When the doctor came into the examination room, the first thing I noticed about him was the lingering odor of cigarette smoke that came in the door with him.  It surprised me a bit.  I am rarely around smokers anymore. He said some pleasantries and I watched him as he noticed my collar. He said, "I am impressed by your collar."  I said smiling,  "There is no need to be impressed."  We chit chatted about what denomination and what church.  He told me a pretty terrible St. Peter letting people into heaven joke and all about his wife who has macular degeneration and was going blind.   After he finished the eye exam and showed me pictures of the inside of my eyeball (trippy), he announced that my far away vision had actually gotten better.  Excellent!! I thought.  He was in his 70's and gruff.  It was obvious who set the cultural tone in the office.  But he was also thoughtful. After he shifted the conversation to an A&E special he had been watching on Judas, he announced with a bit of trepidation, "You know, I don't think the Bible includes all the important stuff about Jesus.  They didn't let everything into the Bible."   

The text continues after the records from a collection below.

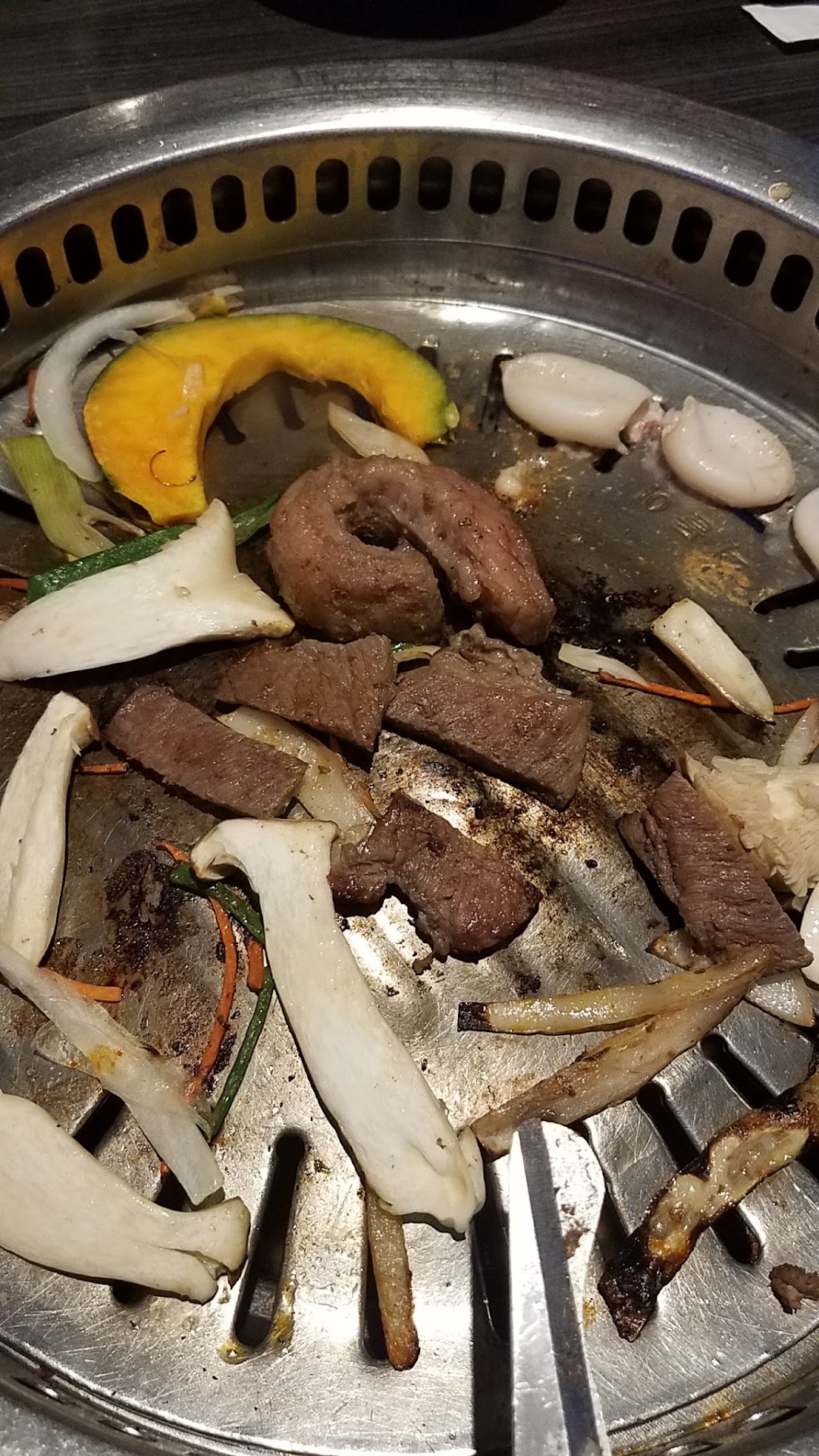 We track someone down to help us with our situation and that person said they'll get our waiter or someone to take our order. Never happened. One person FINALLY came and asked what we would like to order after another 10-15 minutes. We told him utensils, sauce, salad, tongs napkins, drinks, ordered more meats and stuff as we never got the full order from the previous interactions with the waiter. After ANOTHER 10 minutes, we finally got utensils and tongs after over half an hour of waiting, as well as waters only and only 3 dishes out of the 8 orders. We ask where the sides to go along with the food. They'll get right back at it. After waiting for awhile, they only brought out Kimchi and nothing else. We kept asking for salad and napkins every time they came by, never received either of those.
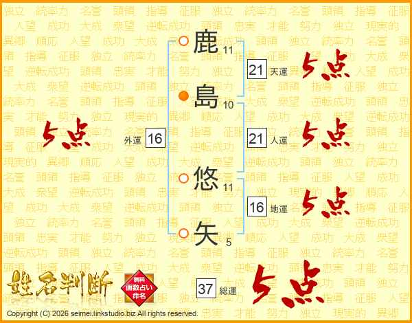 鹿(11画)島(10画) 悠(11画)矢(5画)
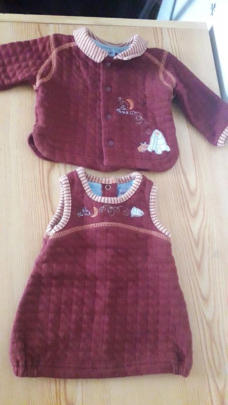 Joli petit ensemble très doux, robe et gilet 80% coton
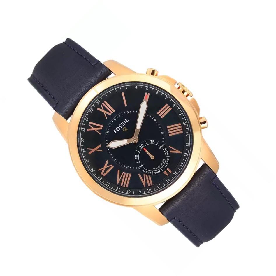 FOSSIL FTW1155 Men's Q Grant Hybrid Smartwatch Leather Strap Navy Blue *Original | Shopee Malaysia
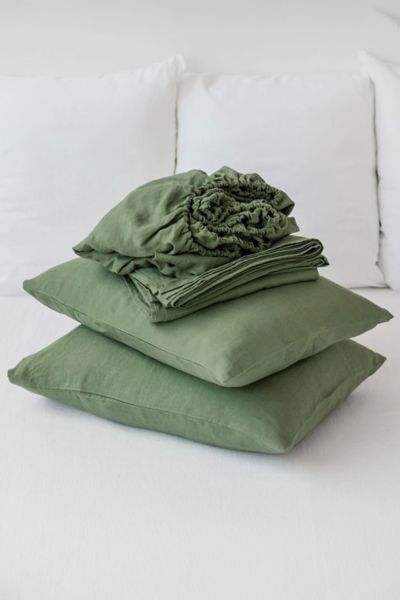 Dress your bed with our linen sheet set. Comes with a fitted sheet, a flat sheet, and two pillowcases of your choosing. Stone washed for maximum softness and durability, these sheets will give you the night's rest you've been dreaming of. Available in various colors. Includes one fitted sheet + one flat sheet + two pillowcases (For Size guide see images above) Made from 100% European flax Stone washed for maximum softness OEKO-TEX certified product (absent of harmful chemicals) Imported MagicLinen 4-Piece Linen Sheet Set in Forest Green at Urban Outfitters
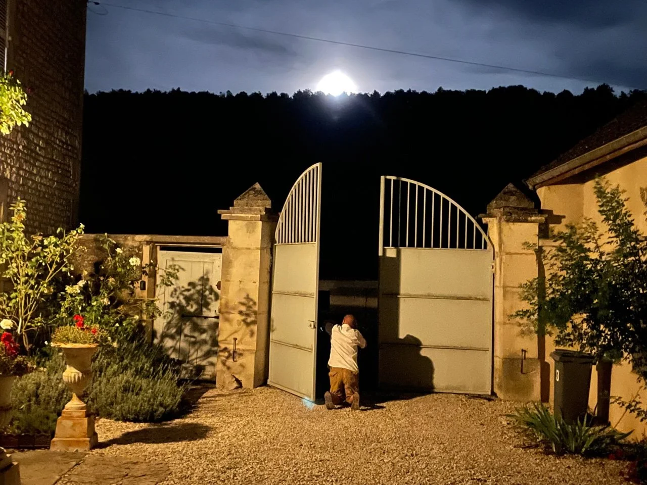 Brian quickly went to get his camera to capture it, but didn’t have his tripod to hand, so wheeled a bin over which he kneeled down near and leaned on. It was the best chance of capturing it, with minimal light in the street beyond.
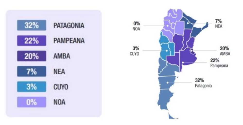 La Patagonia lidera esta tendencia, con un +32%, seguida por la Pampeana, con una ENE +22%. El tercer lugar es ocupado por el Área Metropolitana de Buenos Aires (AMBA) con el 20%, según Manpower.
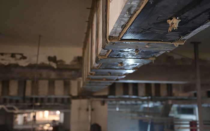 在楼板受拉区粘钢加固、贴碳纤维片材加固, 这两种方法适用于提高正截面受弯承载力;当洞口边有集中荷载, 以及洞宽或直径>1000mm时, 洞口边应设梁。楼( 屋面) 板裂缝修补: 裂缝有已稳定、未稳定两种稳定状况, 应根据裂缝成因、裂缝宽度、裂缝深度、稳定状况、钢筋是否锈蚀、修补目的等, 选用不同的加固方法。裂缝加固方法有:表面处理法、灌浆法、填充法、表面涂渗透性防水剂。裂缝修补的目的增强防水性能、增强承载力、增强耐久性。

I said and much to his surprise, "No I don't think so either.  The people who made that decision were considering the impact on governing a society, too."  

We talked for awhile of  the relationship between religion and war as he made me read tiny letters and follow a light on the tip of a pen. For a moment he sat contemplating.  We said nothing looking at each other for an almost awkwardly long period of time.  This gave me an opportunity to broach something else I'd noticed since he first sat in front of me.  I had debated whether to say anything from the moment I noticed.  I was cognizant that my words had more weight about personal issues in a collar.  I took the risk.

"I'm concerned about your breathing,' I said.  

He had an abnormal breathing problem that when I closed my eyes sounded like so many other oxygen tank pumps I had heard... but there was no pump... just sharp inhalations lips pursed at the beginning of his breathing pattern as he spoke.  He looked at me quizzically.  I had chosen my words carefully.. I didn't say "You shouldn't smoke"  Nor was I even thinking it.  I was just feeling empathy for his struggle.

He told me that he "sounded pretty good for a 2 pack a day smoker." He also said he was 70 years old and had lived a good life. He said his biggest problem was just how deep he would dig in his heels when someone told him not to do something, which people had been telling him his whole life.   

I have tried to tell people I love not to do things that harm them.  I do not think it ever worked,  Not once.  Telling a stranger wouldn't have a different outcome. Telling him I was concerned about his breathing was honest, vulnerable, risky.  He told me he had wanted to try to quit by changing first to e-cigarettes and was looking for another reason to try to do so.  I believe today I was his reason, not because I showed up as clergy rather because I showed up as myself, in a collar.